The original data is overwritten.

with tp.PandasHDFStore('data.h5') as s:
    frame_2_results = s.get(2)

frame_2_results.head()  # Display the first few rows.

	x	y	mass	size	ecc	signal	raw_mass	ep	frame	particle
0	295.886941	5.624598	372.183679	2.580235	0.189920	17.396842	8915	0.108849	2	1
1	432.423210	6.799269	564.962429	3.048429	0.302762	17.614302	9131	0.080412	2	3
2	36.560049	8.409618	440.901203	3.004805	0.132634	12.938901	9508	0.055229	2	4
3	68.203651	6.471969	416.980545	2.888723	0.088487	13.265092	9267	0.069054	2	5
4	629.016761	7.998041	499.506812	3.298593	0.183847	9.350802	9374	0.062147	2	7

Framewise Data Interfaces¶

Built-in interfaces¶

There are three different interfaces. You can use them interchangeably. They offer different performance advantages.
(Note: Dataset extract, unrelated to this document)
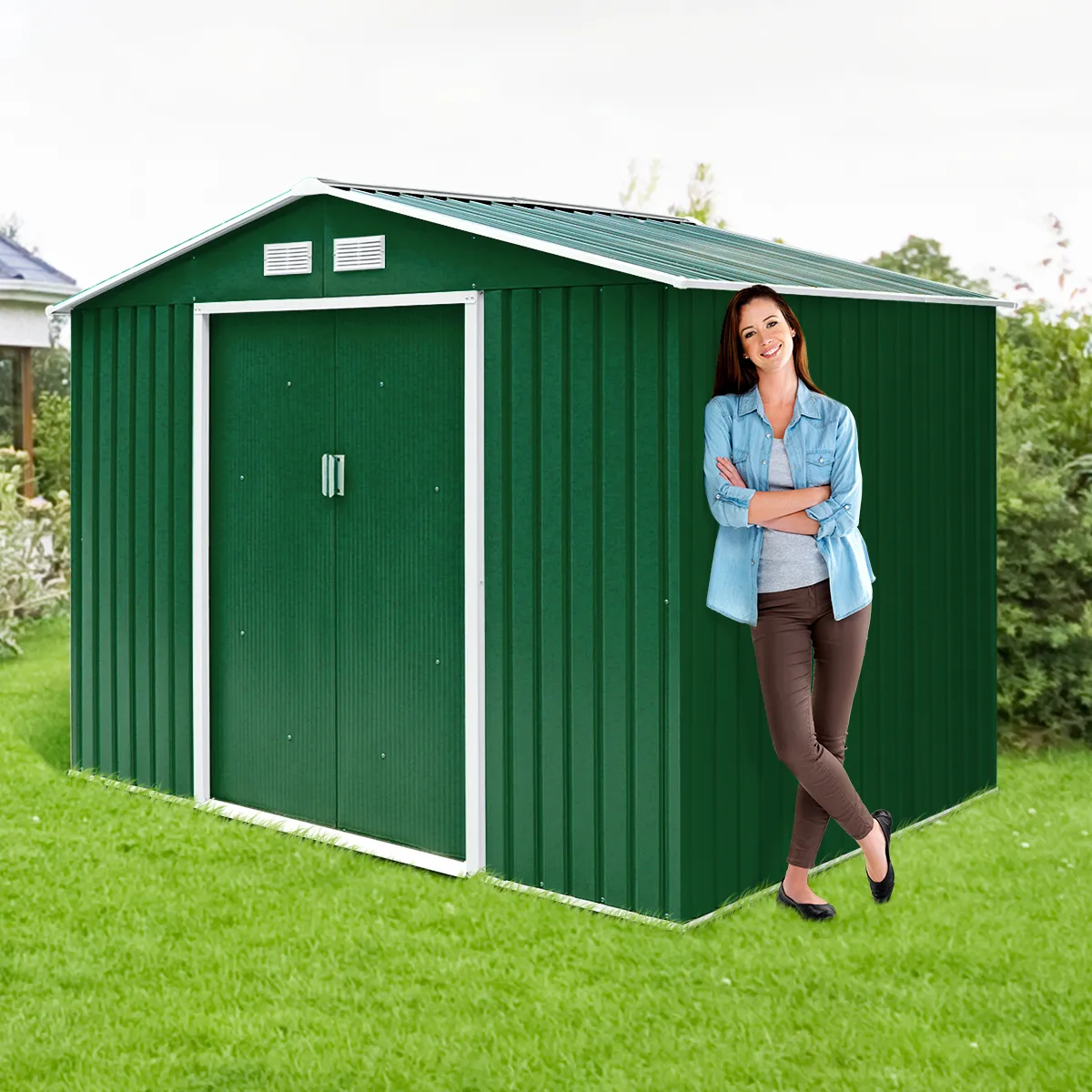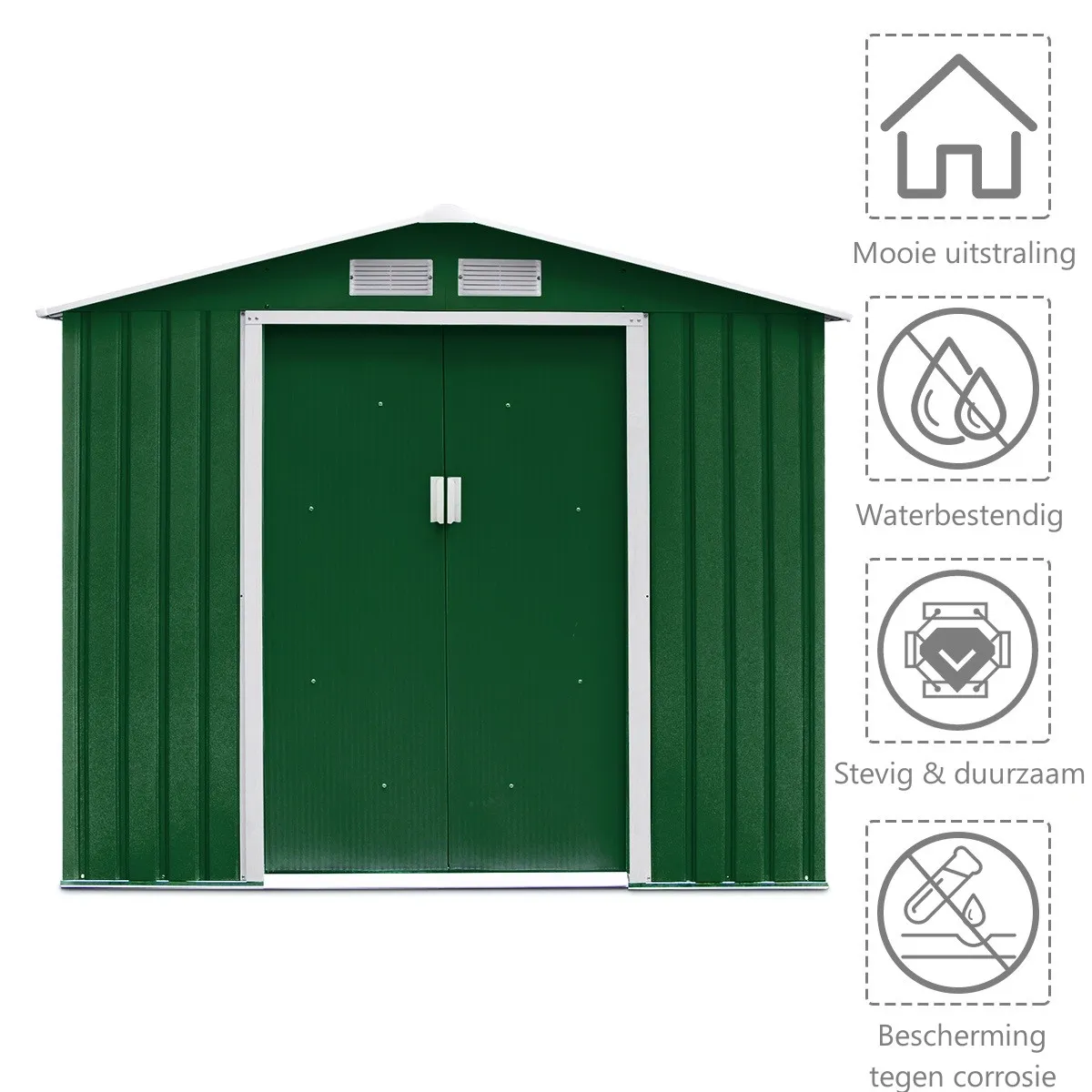 Dit onze nieuwe loods van de tuinopslag, die voor de opslag van tuingereedschap perfect is. Wanneer behoefte extra bergruimte, het uw praktische en economische oplossing zou zijn. Dit huis van de tuinopslag kan genoeg bergruimte voor uw gazon en tuinambachten, fietsen, poollevering en andere punten verstrekken. Duurzame stalen frames constructie is zeer stevig en gegalvaniseerde stalen platen zijn bestand tegen corrosie. Dit huisje heeft twee flexibele schuifdeuren en twee rolluiken, die helpen om de ophoping van vocht in het huisje te verminderen. Aarzel niet om het te kopen.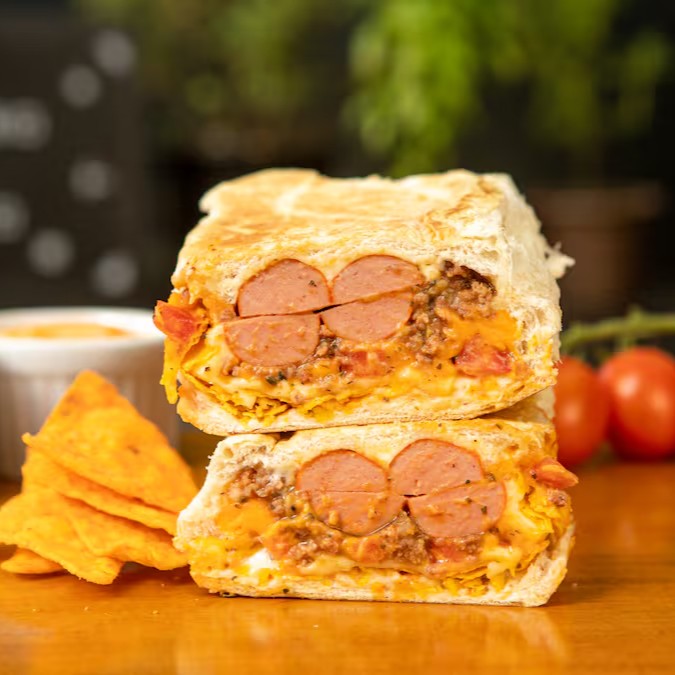 Prensado de pão, 2 vinas, maionese, chilli de carne com feijão, Doritos, vinagrete de tomate, cheddar e mussarela.

PandasHDFStore – fastest for a small (~100) number of frames
PandasHDFStoreBig – fastest for a medium or large number of frames
PandasHDFStoreSingleNode – optimizes HDF queries that access multiple frames (advanced)

Writing your own interface¶

Trackpy implements a generic interface that could be used to store and retrieve particle tracking data in any file format. We hope that it can make it easier for researchers who use different file formats to exchange data. Any in-house format could be accessed using the same simple interface demonstrated above.

At present, the interface is implemented only for HDF5 files. To extend it to any format, write a class subclassing trackpy.FramewiseData. This custom class must implement the methods put, get, close, and __iter__ and the properties max_frame and t_column. Refer to the built-in classes in framewise_data.py for examples to work from.